Qin Hanedanı (MÖ 221-206)
Qin Hanedanı (MÖ 221-206)
Qin (chin diye seslendirilir) Devleti, kuzeybatıda, Wei Nehri vadisi dolayında kurulmuş ve ismini Çin'e veren bir devletti. Sulamanın gelişmesi vasıtasıyla refaha kavuşmuştu. Komşu göçebelerle başa çıkabilmek için, onlar gibi süvari birlikler oluşturmuşlardı. Qinler, Zhoular 'ın çöküşünden dersler çıkartarak Meşruiyetçi felsefeyi benimsediler ve Meşruiyetçi düşünce okulunun önderlerinden Shang Yang'ı MÖ 361'de başbakan olarak atadılar. Yang'ın reformları sayesinde askeri diktatoryel bir rejim ve oldukça güçlü bir merkezi devlet kuruldu ve feodalizm giderek silindi.. Aristokrat ailelerin gücü kırılıp, askeri bir zümre oluşturuldu. Atamalar, askeri başarılara göre yapıldı ve tüm halk askerileştirildi. Mertebesi ne olursa olsun herkes, tarımda veya dokumacılıkta çalışmak zorundaydı. Çalışmaktan kaytaranlar köle yapılıyordu. Yang'ın reformları çok sert olmasına rağmen, askeri anlamda çok güçlü Sparta usulü bir devlet ortaya çıkartmayı başarmıştı. Qin kralı Zheng, MÖ 221'de tüm Orta Krallığı tek çatı altında toplayarak Qin Shi Huang (ilklerin imparatoru) unvanını alarak imparator oldu.
Qin Shi Huang
Huang, üç başarısız suikast girişimine maruz kaldı. Bundan dolayı ölümden kaçınmayı takıntı haline getirdi. Bunun için birçok kişiyi görevlendirdi. Kendisi için hazırlanan pek çok iksir içti. Ancak tükettiği kimyasallar yüzünden ölümde kaçmak yerine, ölüme daha çok yaklaştı ve MÖ 210'da öldü.

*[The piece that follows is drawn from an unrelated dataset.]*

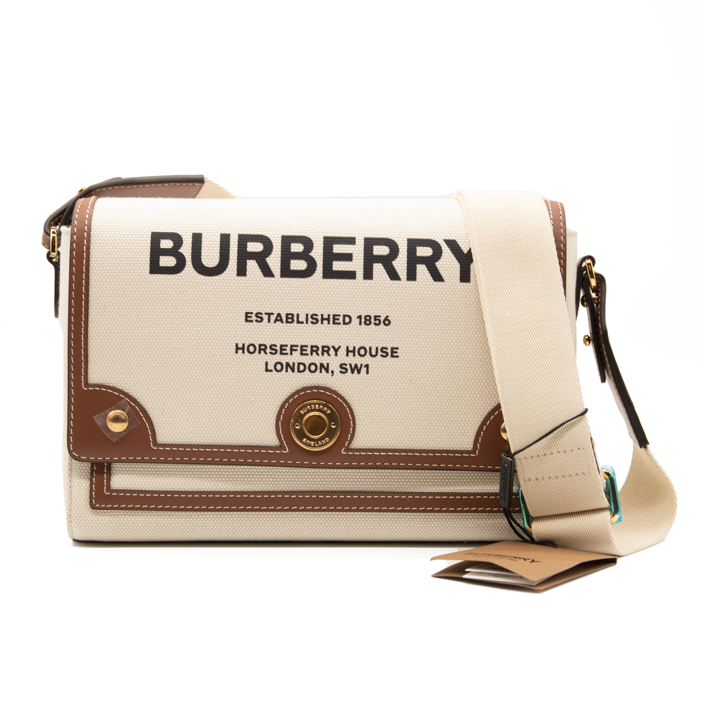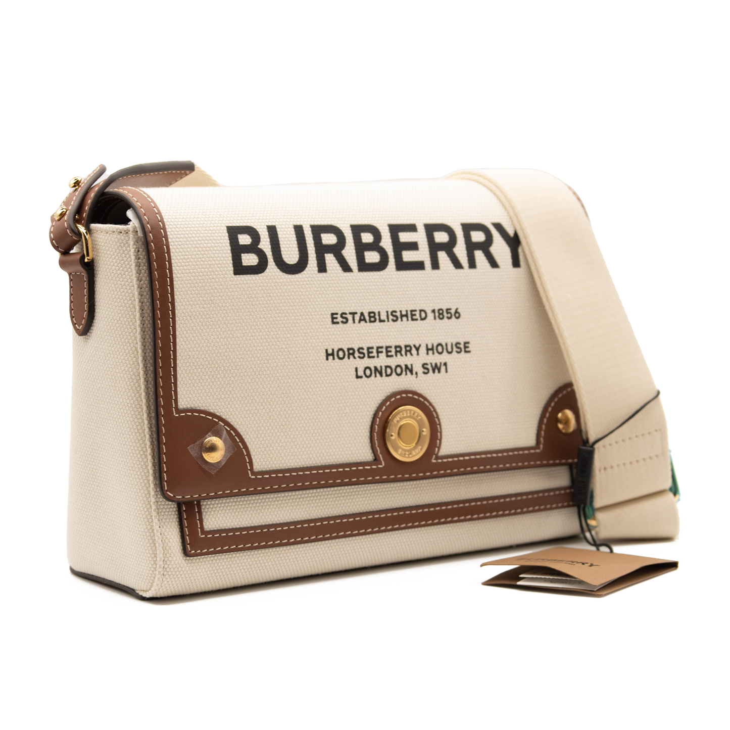 NEW Burberry Horseferry Print Canvas Note Bag in Natural/tan

Huang'ın varisi Prens Fusu, babası gibi meşruiyetçi ve otoriter değildi. Başbakan Li Si ve kudretli saray baş hadımı Zhao Gao, Fusu'nun tahta geçmesiyle kendi konumlarını kaybedeceklerinden korkuyorlardı. Sanki Huang'a ait olan ve içinde intihar etmesini söyleyen düzmece bir mektup hazırladılar. Prens Fusu mektupta yazılana itaat edince, 21 yaşındaki küçük kardeşi Qin Er Shi tahta geçti. İmparator, baş hadımın kuklasıydı. Eski ortağı Li Si'ye kumpas kurarak onu idam ettirdi. Zhao Gao, imparatorun kimseye görünmemesini ve kimseyle konuşmamasını tembihleyerek sadece kendisine danışmasını sağlıyordu. İkinci İmparator çok daha acımasızdı. En ufak tefek suçların bile cezası idamdı. Birçok prensi öldürdü veya hapse attırdı. Halkın durumu gittikçe kötüleşiyordu. İsyanlar çıkmaya başladı. Liu Bang önderliğindeki isyancı ordusu başkent Xianyang'ı ele geçirirken, Xiang Yu da ana Qin ordusunu yenilgiye uğrattı. Qin hakimeyeti yalnızca 15 yıl dayanabilmişti. İki isyancı lider arasındaki çekişmeyi Liu Bang kazandı ve Han Hanedanı'nı kurdu.
Kaynakça:
Gordon Kerr, Kısa Çin Tarihi, Say Yayınları 2.Baskı syf. 30-38
https://www.worldhistory.org/Warring_States_Period/
https://www.historyskills.com/classroom/year-7/warring-states/
Andrew Roberts, Eski Çağ'ın Büyük Komutanları, Kronik Yayınları 3.Baskı, syf. 71-79
https://www.worldhistory.org/Sun-Tzu/
Hlavatý, Jozef; Ližbetin, (1 Ocak 2021). "The Use of the Art of War Ideas in the Strategic Decision-making of the Company"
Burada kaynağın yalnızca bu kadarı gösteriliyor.